Au cœur de la mélancolie, il y a donc la question du temps. La mélancolie n’est précisément pas la nostalgie, laquelle n’est, à la lettre, que le désir douloureux du retour et du recommencement : la nostalgie est une expérience authentique du temps – jusque dans l’expérience de « la Vie antérieure » (Baudelaire). La mélancolie, au contraire, est l’impossibilité d’une expérience féconde du temps. Elle est l’épreuve de la disjonction temporelle, de la rupture entre le passé, le présent et l’avenir, comme le montre L. Binswanger dans Mélancolie et Manie. Notons à cet égard la contemporanéité révélatrice de la Melencolia de Dürer (1514) et de l’Utopia de Thomas More (1516) : elles sont, comme en recto et verso, deux irréalités disjonctives dans l’expérience du temps. Dans la mélancolie, le passé passe dans l’avenir, et obture le devenir. L’ouverture du temps est donc impossible, et le présent du monde disparaît dans ce passé. La mélancolie est le refus du « c’est », mais elle est aussi l’impasse du passé, gelé, pétrifié en lui-même[1].

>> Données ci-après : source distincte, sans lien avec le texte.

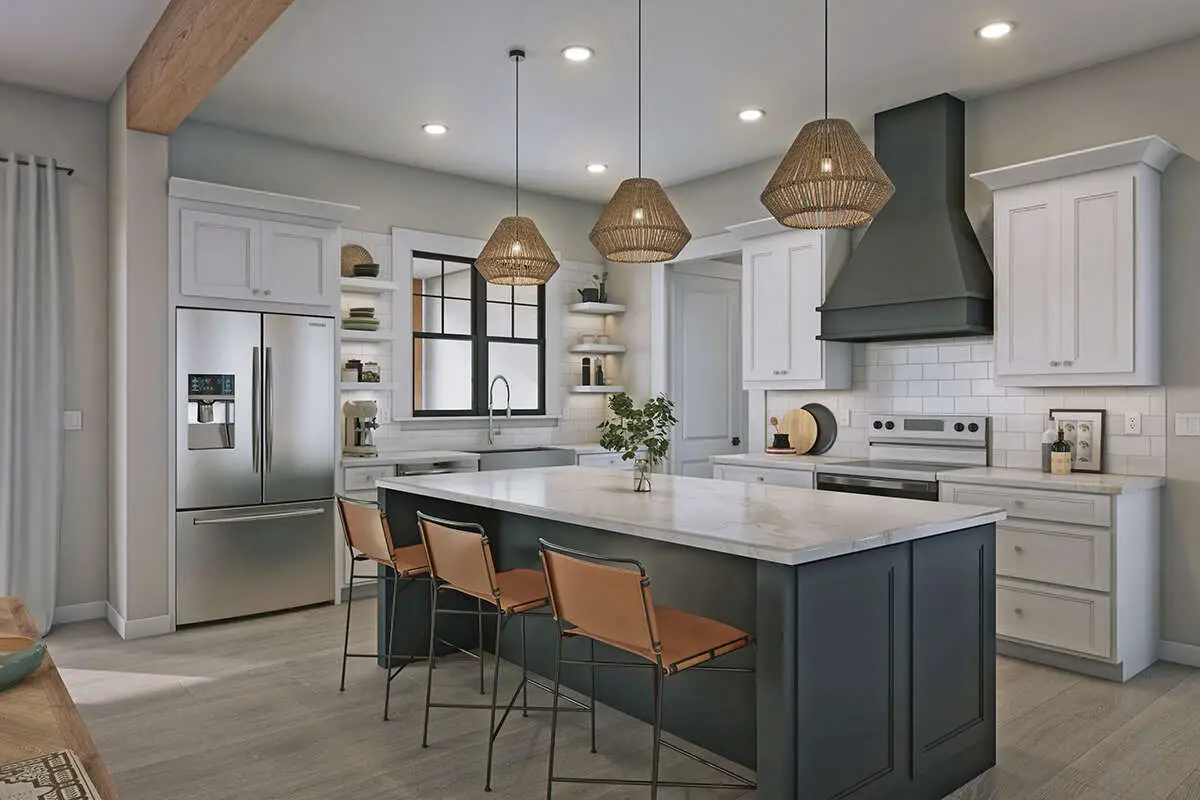 - Kitchen with island: A big island anchors the kitchen – perfect for breakfast, quick snacks, kids doing homework, or friends sitting while you cook.

C’est sur un tel horizon que la Renaissance a pu notamment élire la ville de Rome et de ses ruines comme ce jardin de la mélancolie au miroir duquel lire l’histoire humaine ; et c’est en ce sens aussi qu’elle a contribué à la naissance « folle » de la collection et des musées, qui sont devenus le mode privilégié de la mémoire de l’Occident, et dont l’inflation signe le triomphe visible de la « culture ».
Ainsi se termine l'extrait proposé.